Now, let's choose a coordinate system to describe our system. One system of coordinates is to consider the position of each cart with respect to the left wall, so that it may be our origin. But that is more complicated than need be, and it seems the coordinate system you have chosen is one of displacements from equilibrium. Thus, if $x_{0i}$ signifies the equilibrium position (where the objects are at rest with no net force), let $\eta_i=x_i-x_{01}$, i.e, $\eta_{i}$ represents the displacement from equilibrium, which is most important when dealing with springs.

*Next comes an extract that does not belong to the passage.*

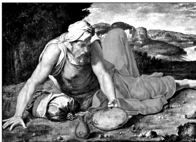
Elijah, fed on his way to Mount Horeb

and subsequently a great rain ensued. These events pictured the experiences closing the 1260 years of Papal authority. Papacy was put under strictures and taxes by the French government, the rebellious Pope was laid in arms, he died as a prisoner in France in 1799, and Napoleon refused to allow the election of a successor. The Protestant ethic flourished, Bible societies sprang up, Bibles in common languages were distributed by the millions, and the rains of blessing and truth became prodigious. The “two witnesses” — the Old and New Testaments — symbolically came to life again and ascended to great prominence in the ecclesiastical heavens (Revelation 11:11, 12).

Then we have the following equations:
$f_{1}=-k_1\eta_1+k_2(\eta_2-\eta_1)=-(k_1+k_2)\eta_1+k_2\eta_2$
$f_2=-k_{2}(\eta_2-\eta_1)+k_3(\eta_3-\eta_2)=k_2\eta_1-(k_2+k_3)\eta_2+k_3\eta_3$
...
$f_i=-k_i(\eta_i-\eta_{i-1})+k_{i+1}(\eta_{i+1}-\eta_i)=k_i\eta_{i-1}-(k_i+k_{i+1})\eta_i+k_{i+1}\eta_{i+1}$
...
$f_{n}=-k_n(\eta_n-\eta_{n-1})-k_{n+1}\eta_n=k_n\eta_{n-1}-(k_n+k_{n+1})\eta_n$
Notice what these equations are saying: on the $i$th cart, if the displacement to the right (or positive direction to be more proper) of the $i$th cart is greater than the $i-1$-th cart's displacement, then the left-side spring is stretched out beyond its natural length, and will apply a restorative force, pulling the $i$th cart to the left (or negative direction), and the $i-1$th cart to the right (or positive direction).
For your problem, things are even simpler: all $k_i=1$. So your matrix will have the pattern $1,-2,1$ at the $i$th column, except of course for the first and last columns. You might have to multiply this matrix by $-1$ depending on convention (whether you consider the force applied to a spring, or the force a spring applies; I imagine you use the latter convention due to the positive-definiteness condition, so multiply my matrix by $-1$). The invertibility tells you that there is a force if and only if there is a displacement. The sign-definiteness tells you that your force is always along or in the opposite direction of your displacement.